靴1つで世界が変わって、靴1つで自分自身も変われる。靴1つでそこまでする⁉︎っていう日本では考えられない所は出てくるけれど、新しい靴を手に入れたワクワク感・無敵感は誰しも共感出来るものではないか。
冴えない少年が奪われた靴を取り戻す為に、靴を奪った相手がいる街に住んでいる叔父を訪ねた事で物語は大きく動き、取り戻しが効かない所まで話は進んでいく。それのまあ痛い事痛い事。この後絶対悪い事起こるじゃんと見てるこちらはハラハラし、その期待?に十二分に応えてくれる。

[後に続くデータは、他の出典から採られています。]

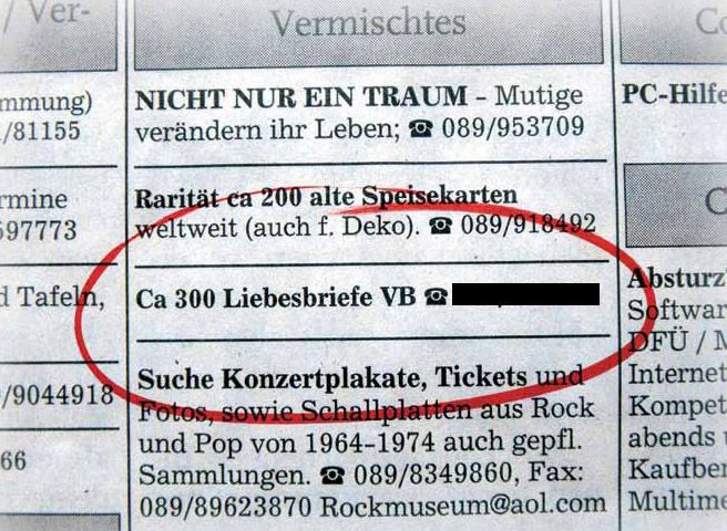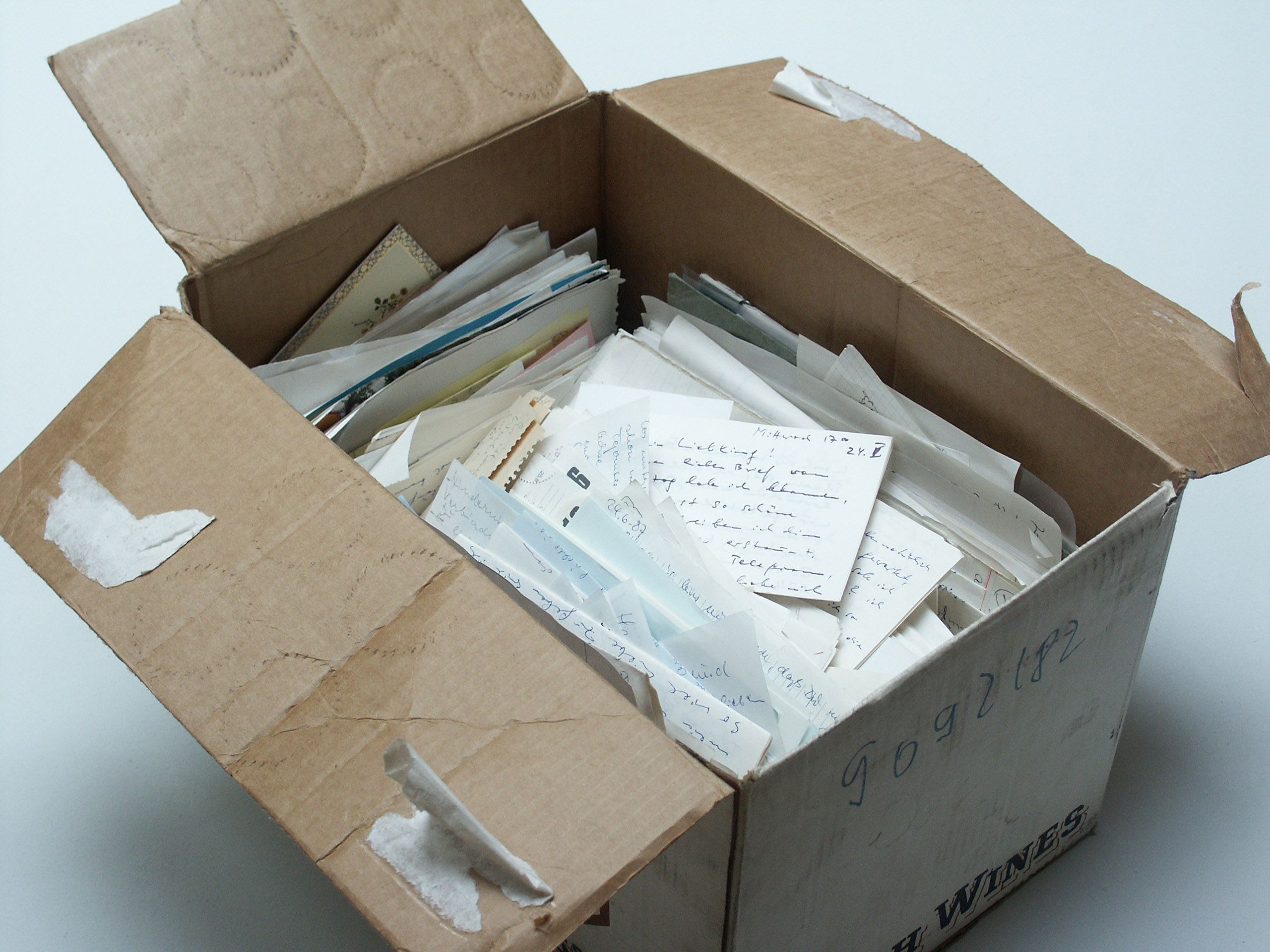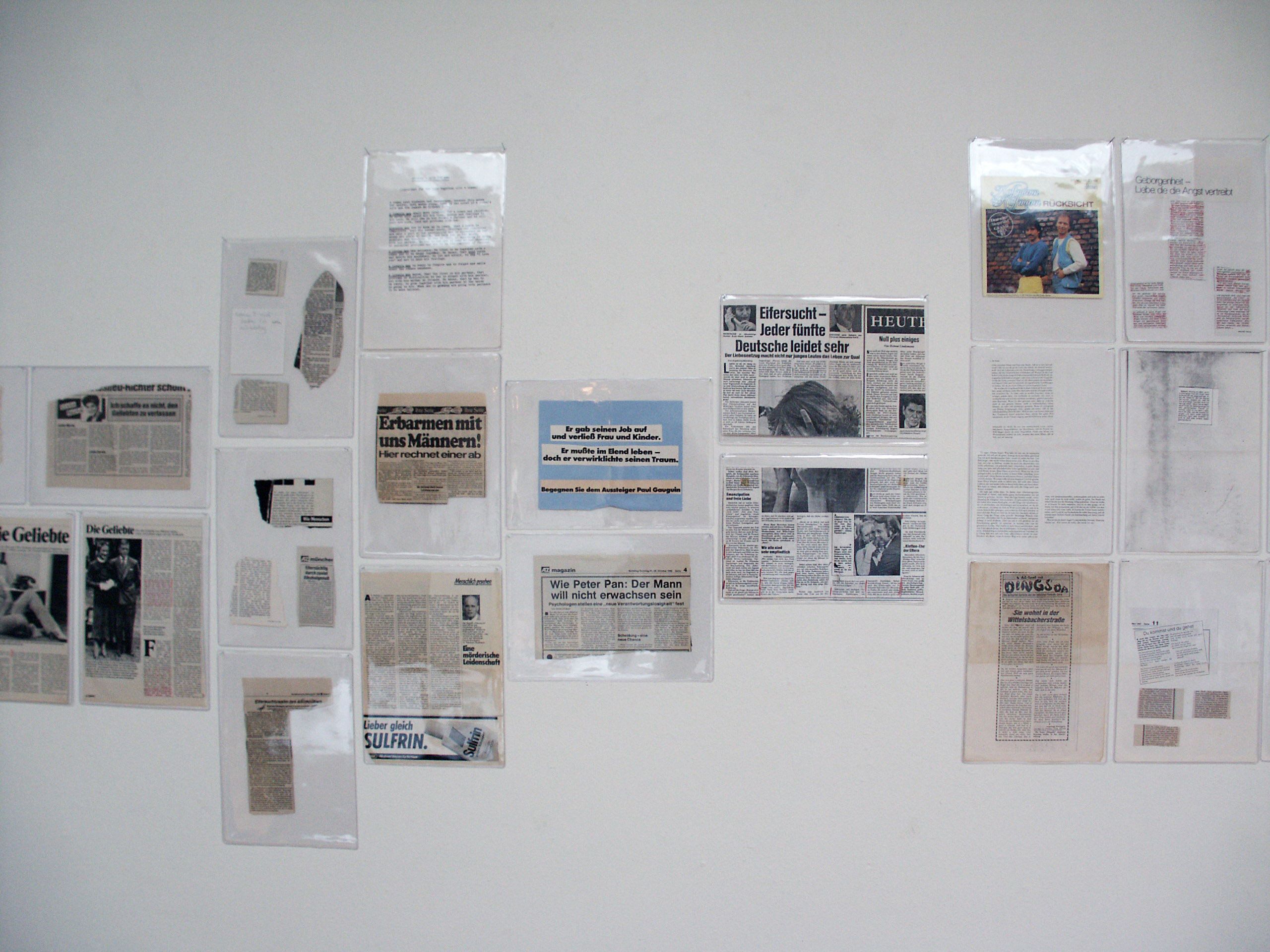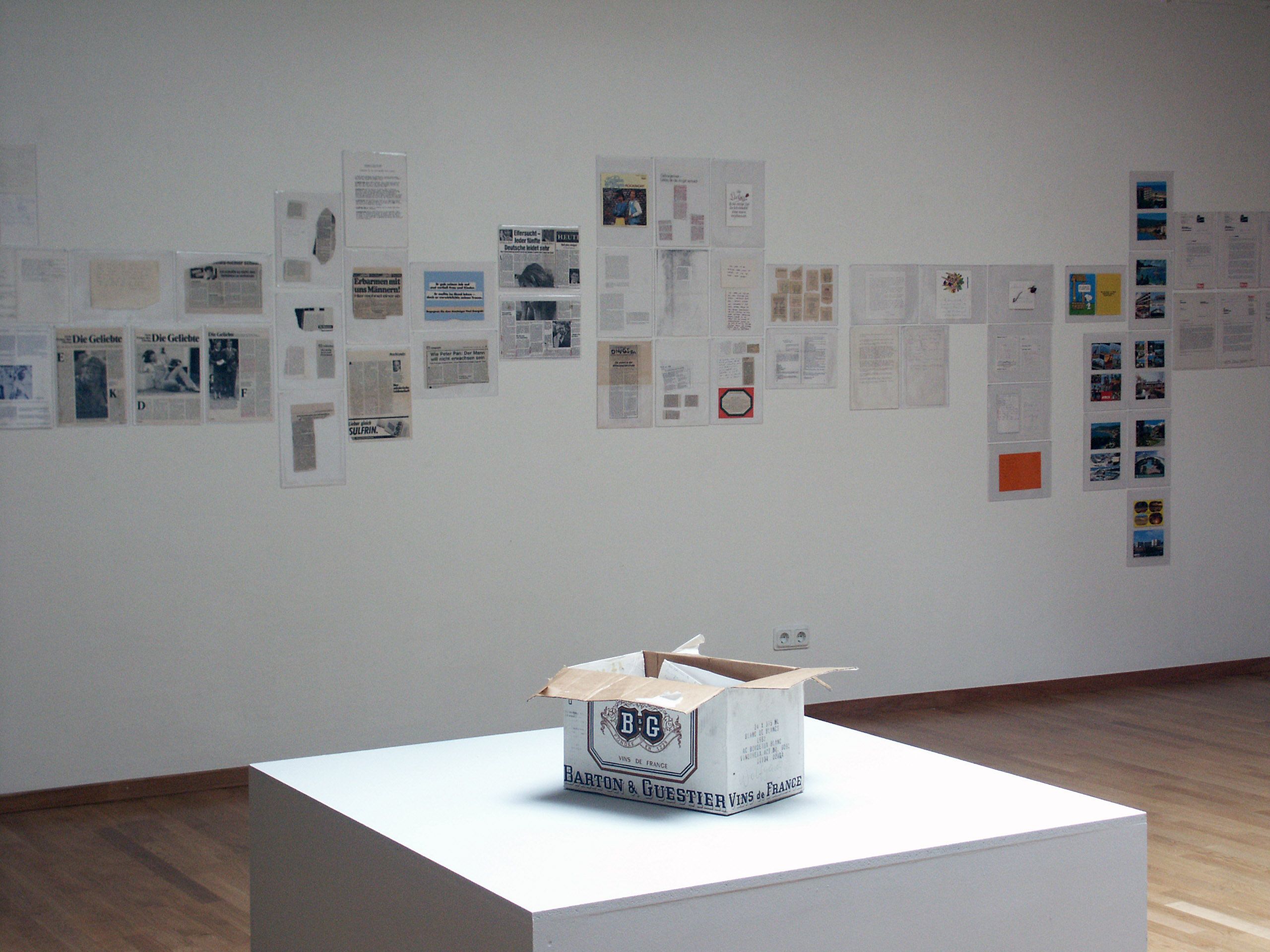 The installation consists exclusively of the purchased material. While the private letters can be seen untouched in their cardboard box on a pedestal, newspaper articles on the subject of love and correspondence with reader advisors, as well as all documents and messages without direct address, hang on the wall in transparent sleeves.

物語中、ずっと出てくる宇宙服は彼の自由へのメタファーで新しい靴っていうのが、自由へ飛び立つ一歩の為の物なのかな?と考察。タイトルのキックスも相手を蹴りあげるっていうのと飛び立つっていうダブルミーニングがあるのではないだろうか?
ラスト、少年が血に染まる姿がエアフォース1の赤と黒のようでなんだかグッときたな。
音楽の使いとか新しさはないけれど、音楽を軸に(毎回タイトル出てくるとことか)しているのは格好良いなと思った。
日米の差
半殺しの目に遭って『男になったな』って、すごい世界だ、そんなの日本じゃ任侠ものくらいだ、アメリカで男になるのは大変だ
しかもかなり人命かかわる場面でも友情に厚いあたり、そんなに非日常ではなさそうに仕上がっている
日本人だから現実感薄いのかな、と思うが、宇宙服は非日常を表しているのかな…
ただ銃や人殺しはともかく、素手で人を殴ると自分も痛い、とかは子供時代に体験すべきだし、そういう喧嘩にはルールがあるということも併せて知るとよいと思うので、終わり方は納得いくものだった
今後に期待
スラムの町並みや住人たちのただれた生活にはリアリティを感じましたし、友人二人のキャラクターもよかったので、退屈せずに観れました。
内容としては、酒、タバコ、麻薬、女、暴力といったものがうずまく町で、まともに生きる、自分を守ることがいかに難しいかを思い知らされます。
あまり、目新しさや、意外な展開はないように感じましたが、監督にとってこれがはじめての長編作ということを考えると、今後には充分期待できる出来だったかと思います。